The ratings could be downgraded if Danske is unable to competitively access wholesale funding markets, if its Danish business faces a significant deterioration in asset quality that materially affects its capitalisation or if its improving earnings trend reverses, reducing its ability to absorb shocks.
REALKREDIT'S IDRS, VR AND SENIOR DEBT
The Stable Outlook reflects Fitch's view that Realkredit Danmark will maintain its focus on asset quality, will continue to generate capital internally and that its adequate earnings will be able to absorb unexpected shocks.
A rating downgrade would most likely be a result of Realkredit Danmark being unable to competitively access wholesale funding markets or if it significantly increases its reliance on international debt investors who may prove less stable during financial stress. A downgrade of Danske's ratings, or reduced focus on liquidity, would also be rating-negative.
An upgrade is currently unlikely given the bank's already high ratings and monoline business model.
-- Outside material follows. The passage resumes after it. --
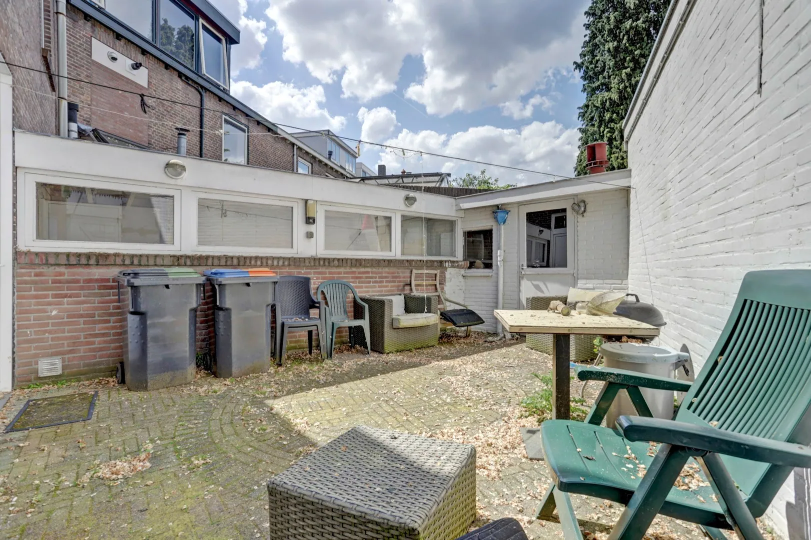 De achtertuin bestaat uit een volledig betegelde plaats.

SUPPORT RATING AND SUPPORT RATING FLOOR
An upgrade to the Support Ratings and upward revision to the Support Rating Floors would be contingent on a positive change in Denmark's propensity to support its banks. While not impossible, this is highly unlikely in Fitch's view.
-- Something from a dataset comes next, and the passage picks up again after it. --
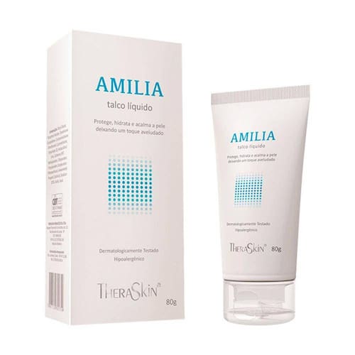 DescriçãoAmilia é um talco líquido da Theraskin que proporciona proteção e emoliência, deixando a pele macia, sedosa, hidratada e com toque aveludado. Uso tópico e pediátrico.Diminui a coceira local, a vermelhidão e o desconforto causados pelas brotoejas, depilação e irritações da pele. Seu uso diário em qualquer área corporal proporcional refrescância e suavidade à pele.Benefícios: Amilia é um talco líquido calmante e hidratante. Não deixa a superfície da pele branca. Confere agradável toque sedoso e sensação de frescor. Também indicado para pele sensível e delicada. Dermatologicamente testado. Hipoalergênico. Possui bisabolol, que é um agente que possui ação calmante, cicatrizante e antisséptica. Oferece atividade adstringente e secativa por meio do Kaolin, um ingrediente presente em sua formulação.Modo de Usar:Aplicar sobre a área desejada 2 a 3 vezes ao dia.A MarcaAssim é a Theraskin: já são 80 anos de atuação com profissionais comprometidos em desenvolver produtos de qualidade inovadores e com fórmulas eficazes e seguras. Tudo para proporcionar Harmonia na Pele. Ean: 7897129301759

SUBORDINATED DEBT AND OTHER HYBRID SECURITIES
The ratings of the subordinated debt and other hybrid capital issued by Danske are sensitive to a change in Danske's VR.
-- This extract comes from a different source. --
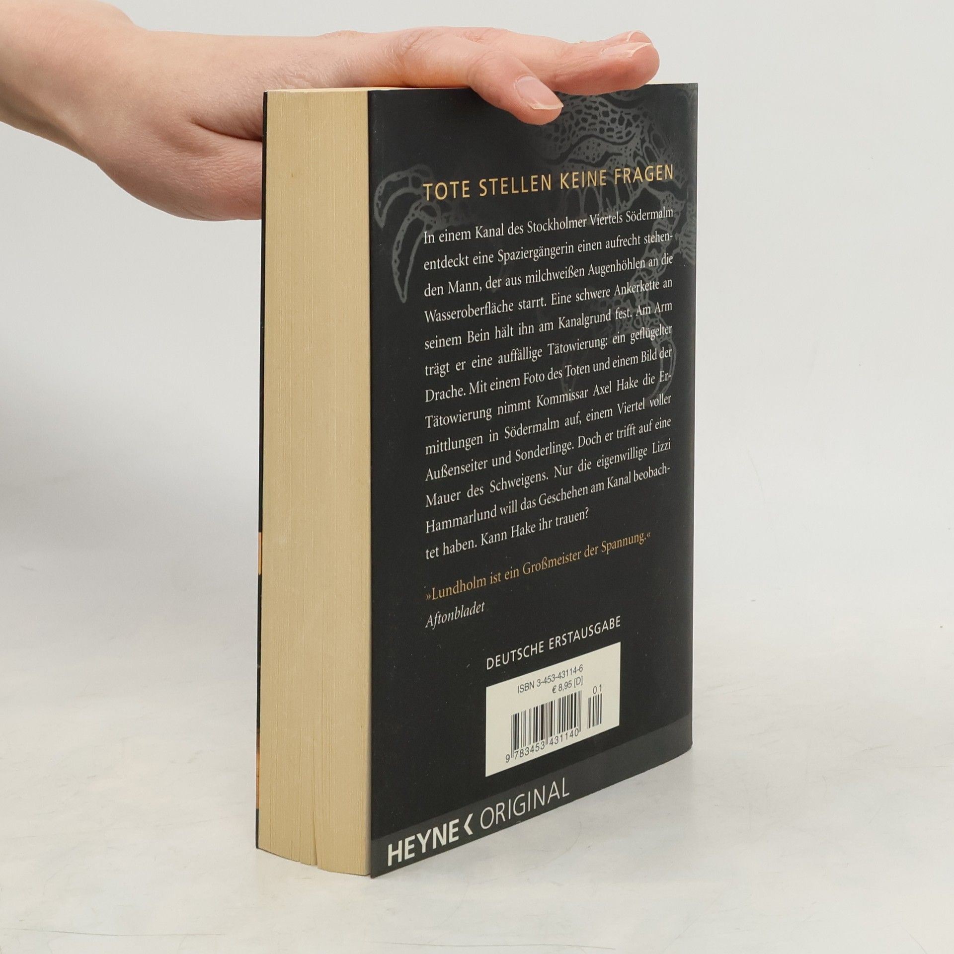 In einem Kanal des Stockholmer Viertels Södermalm wir ein aufrecht im Wasser stehender bleicher Mann entdeckt, der aus milchweissen Augenhöhlen an die Oberfläche starrt. Eine schwere Ankerkette an seinem Bein hält ihn unter Wasser. Am Arm trägt er eine auffällige Tätowierung: ein geflügelter Drache. Mit einem Foto des Toten und einem Bild der Tätowierung nimmt Kommissar Axel Hake die Ermittlungen in Södermalm auf, einem Viertel voller schräger Figuren und gescheiterter Existenzen. Bald wird ein Gebrauchtwagenhändler als vermisst gemeldet und seine Frau gibt vor, der Tote sei ihr Mann. Doch all das passt nicht zu den Beobachtungen der skurrilen Lizzi Hammarlund, die das Geschehen am Kanal den ganzen Tag über aus dem Fenster beobachtet. Kann Hake ihr vertrauen?§Der Auftakt zu einer großen Stockholm-Krimiserie.

The rating actions are as follows:
Danske Bank
Long-term IDR: affirmed at 'A', Outlook Stable
Short-term IDR: affirmed at 'F1'
Viability Rating: affirmed at 'a'
Support Rating: affirmed at '5'
Support Rating Floor: affirmed at 'No Floor'
Commercial paper programme: affirmed at 'A'/'F1'
Long-term senior debt: affirmed at 'A'
Short-term senior debt: affirmed at 'F1'
CRD IV-compliant Tier 2 instrument (ISIN: XS0974372467): affirmed at 'A-'
Subordinated notes: affirmed at 'BBB'
Tier 1 instruments: affirmed at 'BBB-'
Additional Tier 1 capital instruments (ISIN: XS1044578273): affirmed at 'BB+'
Danske Corporation
Commercial paper programme: affirmed at 'A'/'F1'
Realkredit Danmark
Long-term IDR: affirmed at 'A', Stable Outlook
Short-term IDR: affirmed at 'F1'
Viability Rating: affirmed at 'a'
Support Rating: affirmed at '5'
Support Rating Floor: affirmed at 'No Floor'
Contact:
Primary Analyst
Bjorn Norrman
Director
+44 20 3530 1330
Fitch Ratings Limited
30 North Colonnade
London E14 5GN
Secondary Analyst
Olivia Perney Guillot
Senior Director
+33 144 299 174
Committee Chairperson
Christian Kuendig
Senior Director
+44 20 3530 1399
Media Relations: Elaine Bailey, London, Tel: +44 203 530 1153, Email: elaine.bailey@fitchratings.com.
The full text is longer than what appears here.